Başka ülkelerde sıradan olan bu olay Türkiye'de neredeyse son yirmi yılın en önemli medya olayı haline geldi.

Demokrasiden uzaklaştıkça son derece normal olan bir durum olağanüstü bir önem kazanabiliyor. İki adayın karşılaşmasına bu kadar büyük önem atfedilmesinin arkasında bu gerçek yatıyor.

Dünyanın her yerinde partiler, liderler kozlarını TV ekranları karşısında paylaşırlar. Vatandaş ta onları seyrederek siyasi tercihlerini belirler. ABD'de Başkan adayları son kozlarını TV ekranlarında paylaşır. Gösterdikleri performans seçim sonuçlarını da etkiler.

Partilerin din- iman meselesi haline getirildiği yerlerde TV tartışmaları sadece kararsız seçmenler üzerinde tesir icra eder. Kesin inançlı olanların kanaatlerine pek fazla tesir etmez. Çünkü duydukları, gördükleri şeyler kendi tercihlerinin aksine de olsa karar değiştirmeyi bir ihanet ve din dışına kayma olarak görürler.
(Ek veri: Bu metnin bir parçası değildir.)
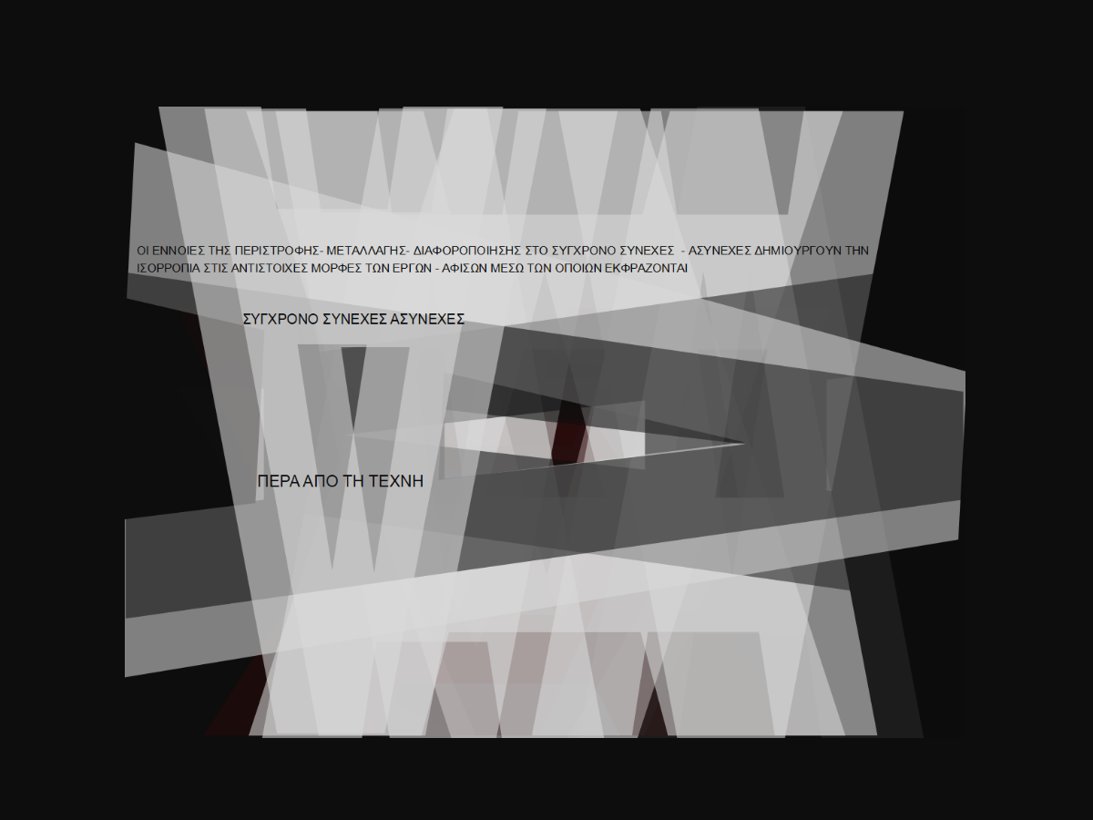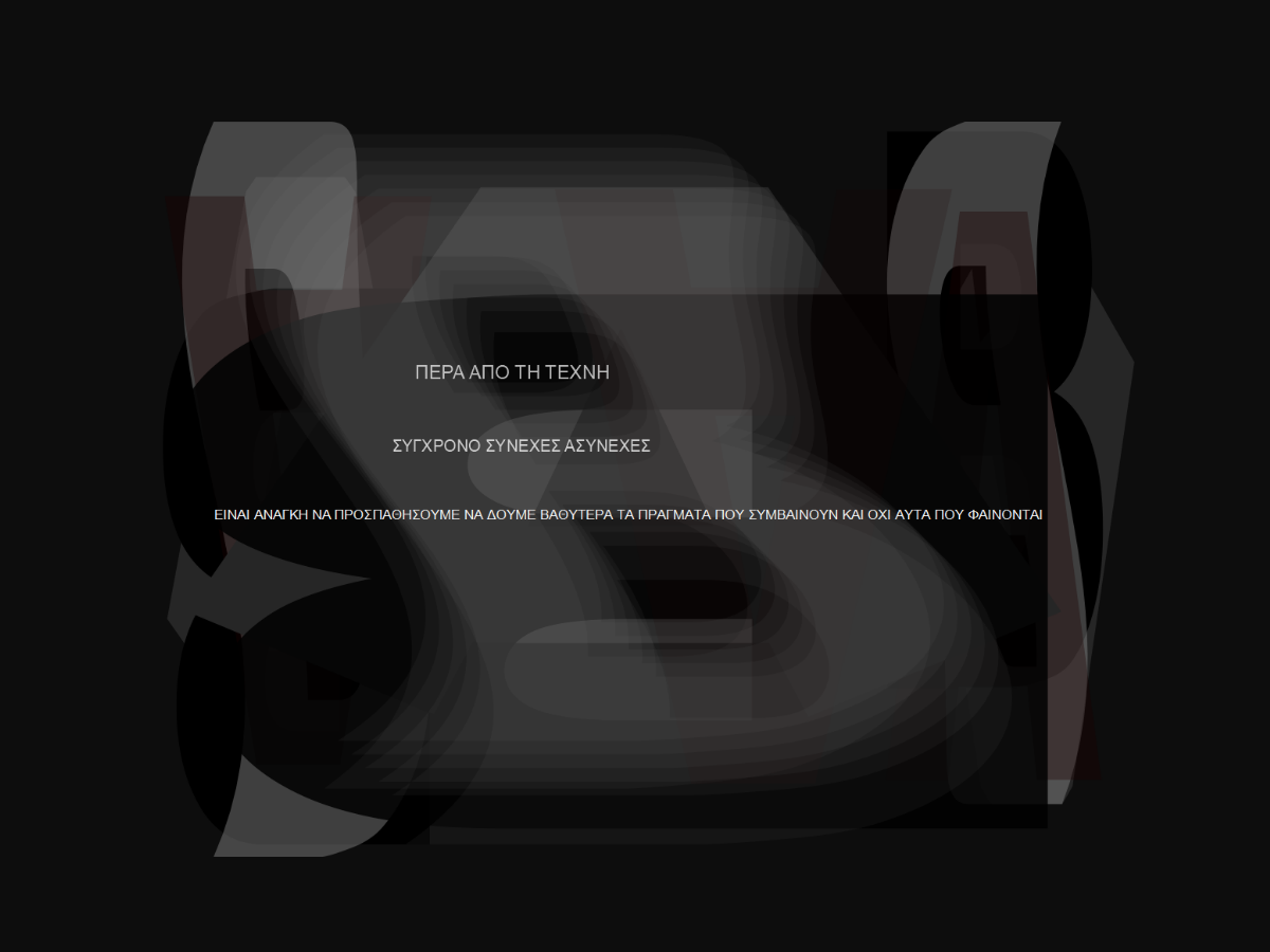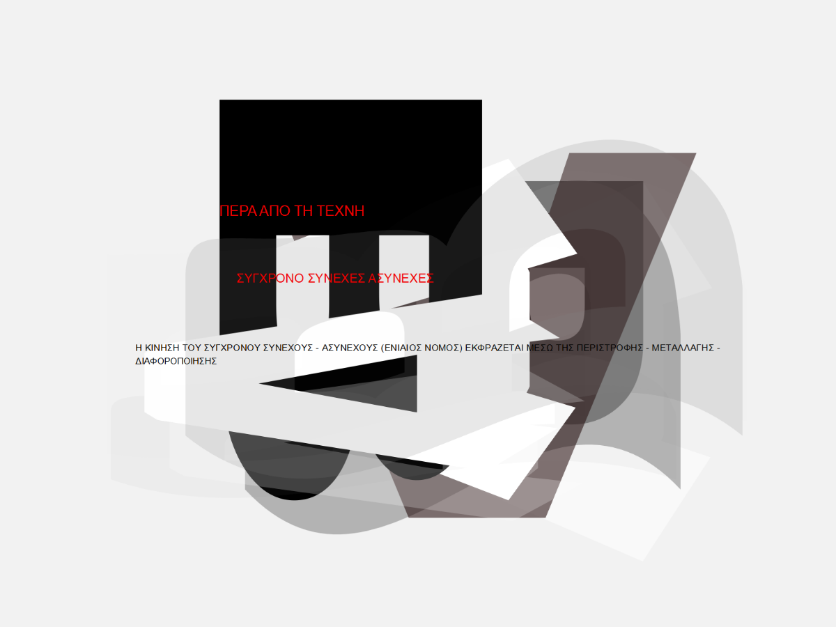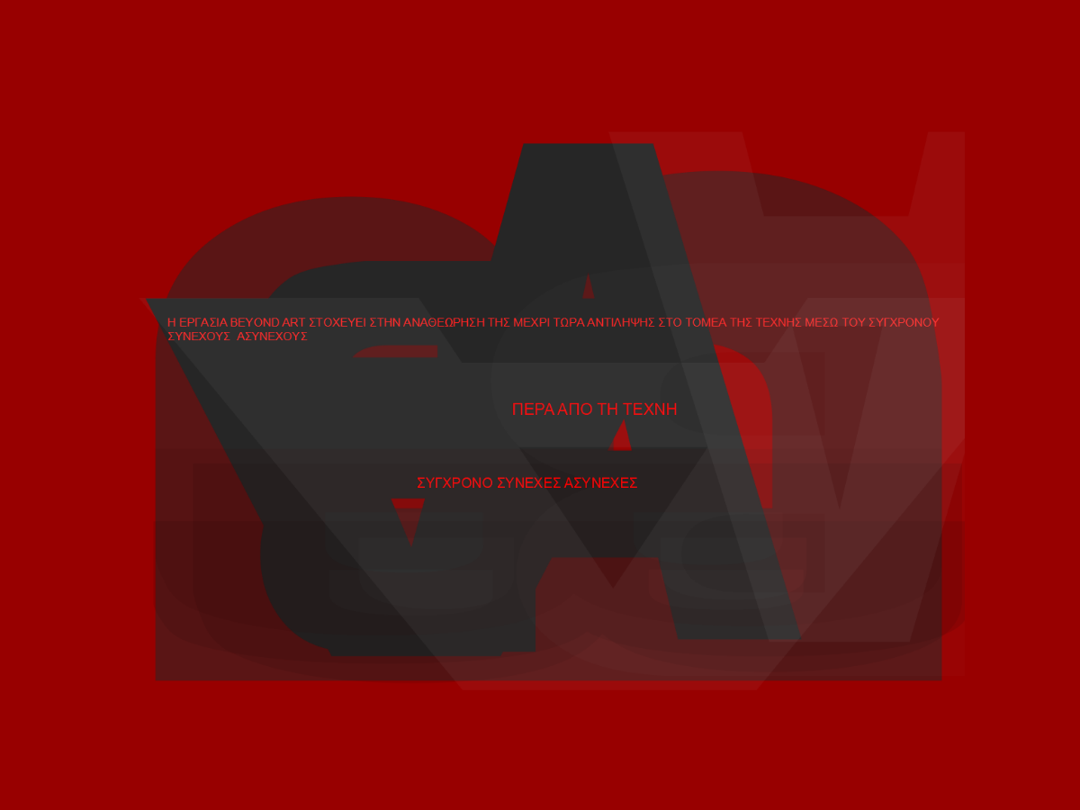 Η ερευνητική εργασία beyond – art στοχεύει στην αναθεώρηση της μέχρι τώρα αντίληψης στη τέχνη, μέσω του σύγχρονου συνεχούς – ασυνεχούς. Στόχος της είναι να παρουσιάσει το σύγχρονο συνεχές – ασυνεχές που είναι ενιαίος νόμος της φύσης και είναι δυνατόν να αποκωδικοποιηθεί σε συμβολικές μορφικές παραστάσεις, μέσω του δυαδικού συστήματος της συνέχειας και ασυνέχειας οι οποίες υφίστανται στη φύση συγχρόνως.

AKP bugüne kadar adaylarını TV tartışmalarının uzağında tuttu. Hatta il başkanlarına diğer partilerin başkanları ile birebir Televizyonlara çıkmama talimatı verildi. Bu yüzden hiç bir il başkanı diğer parti başkanlarının bulunduğu TV programlarına katılmıyor. Bunun bir çok nedeni var, en başka AK parti bugüne kadar bütün seçimlere açık ara önde giriyordu. TV programları kaybetme ihtimalinin olduğu yer ve şartlarda son çare olarak düşünülen bir önlem. Böyle bir tehlike yoksa, kaybetme ihtimalinin bulunduğu tartışma programlarına çıkarak seçimi riske atmanın bir anlamı yok. Bugün bu programa çıkılması kabul edilmişse işte bu ihtimalin artık bir ihtimalden çıkıp neredeyse kesinlik kazanması yüzündendir.
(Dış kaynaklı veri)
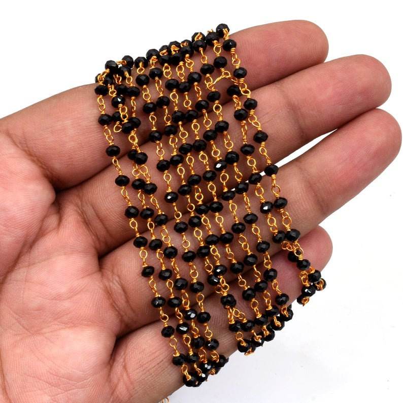Black Onyx Rosary Chain-Black Onyx Gemstone Beaded Chain-Wire Wrapped Chain-3.00mm to 3.50 mm Roundel Faceted Cut Gemstone Link Chain By Foot-Black Onyx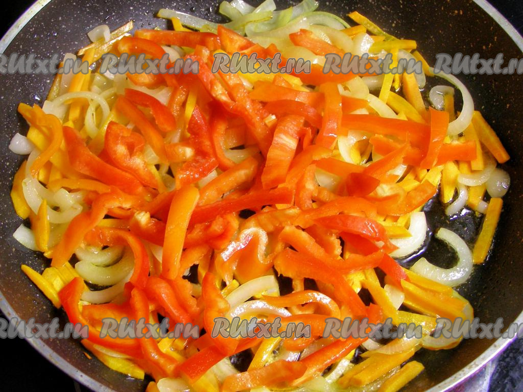 Добавляем болгарский перец и жарим ещё минуты 2, также периодически перемешивая, чтобы овощи не подгорали. Убираем сковородку с огня.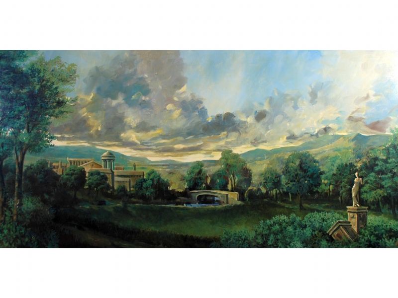 | Romantic Italian landscape with river, bridge, Roman buildings and temple | |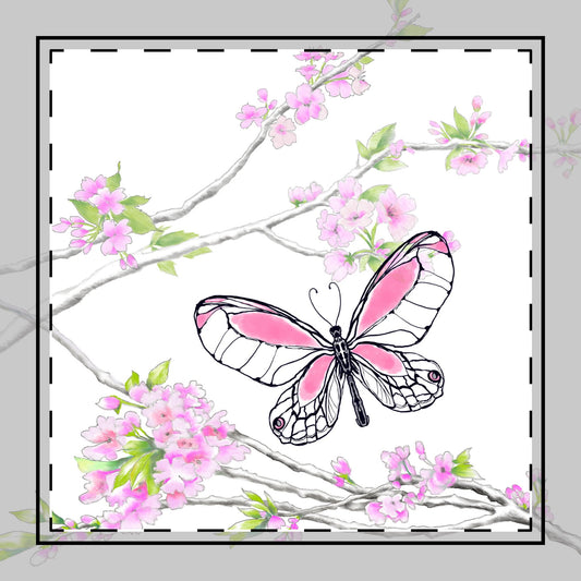 Butterfly Blossom Romp Cotton Twill Napkin , pink, Fabric Background Creamy White, #4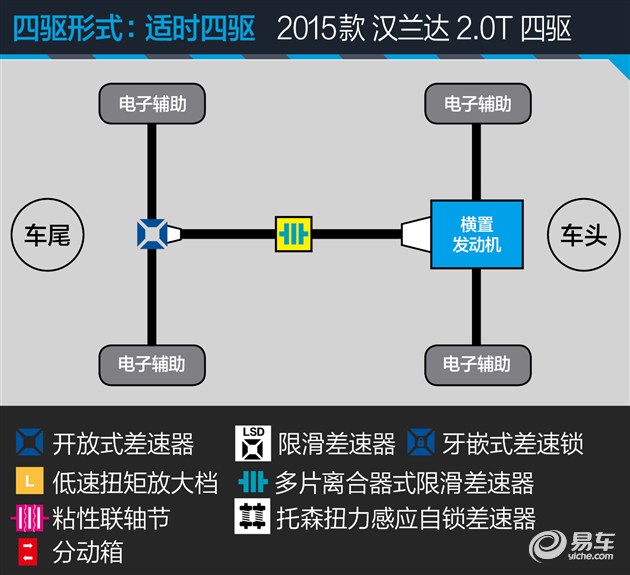 几个主要越野指标方面,汉兰达的车身钢性不错,还算结实;接近角离去角通过角也都凑合,进气口高度格外好;四驱系统强度一般,是城市SUV最常见的电控多片离合器中央差速锁;电子系统对轴间限滑帮助不大,有轮离地时基本就拜拜了,这点在视频中可以看的很清楚。总得来说,汉兰达通过性不错,涉水能力突出,综合越野能力一般。如果是我,我会选中高配2.0T前驱版本,然后每天高高兴兴上下班。在美国汉兰达销量最好的也是前驱,不过人家是3.5L前驱,国内没有这个选择。

SONAR'ın yaptığı son ankette İmamoğlu ile Yıldırım arasındaki fark 6 puana çıkmış durumda. Diğer şirketlerin yaptığı çalışmalarda bu fark yüzde 3 ila 8 arasında değişiyor. Hiç bir ankette Binali Yıldırım önde görünmüyor. Öyle ki, seçimden CB Erdoğan'ın da umudunu kestiği belli. Daha önce CB önderliğinde yapılması düşünülen mitinglerin hepsi iptal edildi. CB Erdoğan kaybedilecek bir seçimde -kaybeden kişi ve taraf- olmamak için kendini geri çekti. AKP, televizyona çıkmayı işte bu son şansını kullanmak için istedi. Doğru olan Millet İttifakının önde olduğu bir seçimde Cumhur İttifakına bu imkanı vermemesiydi. Ama İmamoğlu'na duyulan güven ve iktidarın hatalarının yarattığı psikolojik rahatlık böyle bir kararın alınmasına vesile oldu.
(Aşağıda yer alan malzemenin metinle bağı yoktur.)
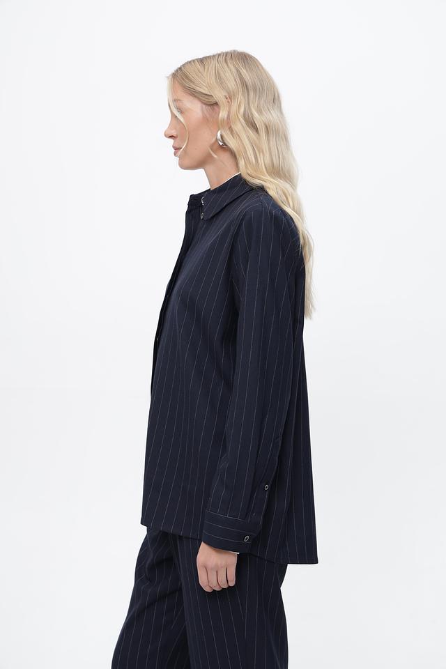 Состав ткани: 63% полиэстер, 34% вискоза, 3% эластан. Это сочетание материалов обеспечивает рубашке приятные тактильные ощущения, легкость в уходе и хорошую износостойкость.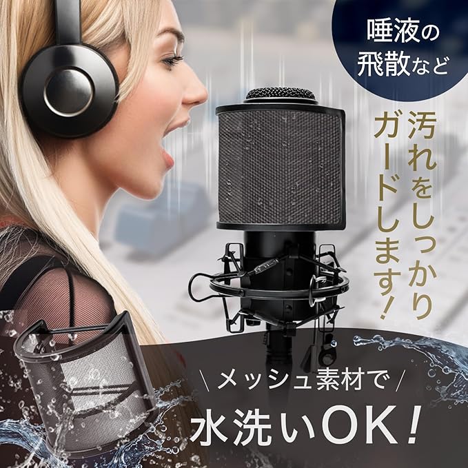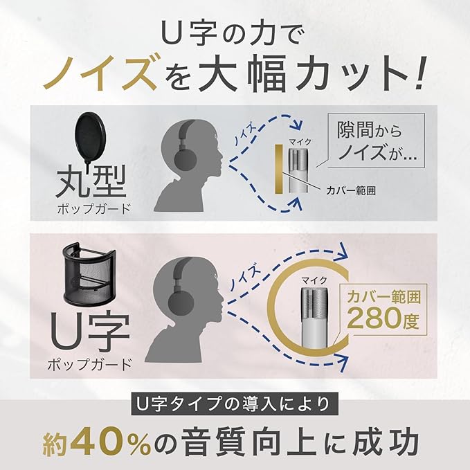 【高いノイズカット性能】既存のU型ポップガードにさらにスポンジ層を搭載したことで、よりノイズカットが可能になりました。従来比で40%もの性能がアップしています。

Aslında, her seçimde liderlerin karşı karşıya gelerek kozlarını paylaşmaları, vatandaşa tarafları değerlendirme ve ona göre karar oluşturma imkanı vermeleri demokrasinin bir gereğidir. AKP iktidarına kadar bu gelenek uygulandı. Demirel'i, Ecevit'i, İnönü'yü,Erbakan'ı, Türkeş'i, Özal'ı vatandaş hem miting meydanlarında hem TV ekranlarında görerek tartma imkanı buldu. Tek taraflı propagandaya maruz kalarak aldanmadı, gördükleri ve işittiklerine göre siyasi tercihlerini oluşturdu. Yıldırım-İmamoğlu tartışması bir son olmamalı, parti liderlerini de TV ekranlarında eşit şartlarda yarışırken görebilmeliyiz.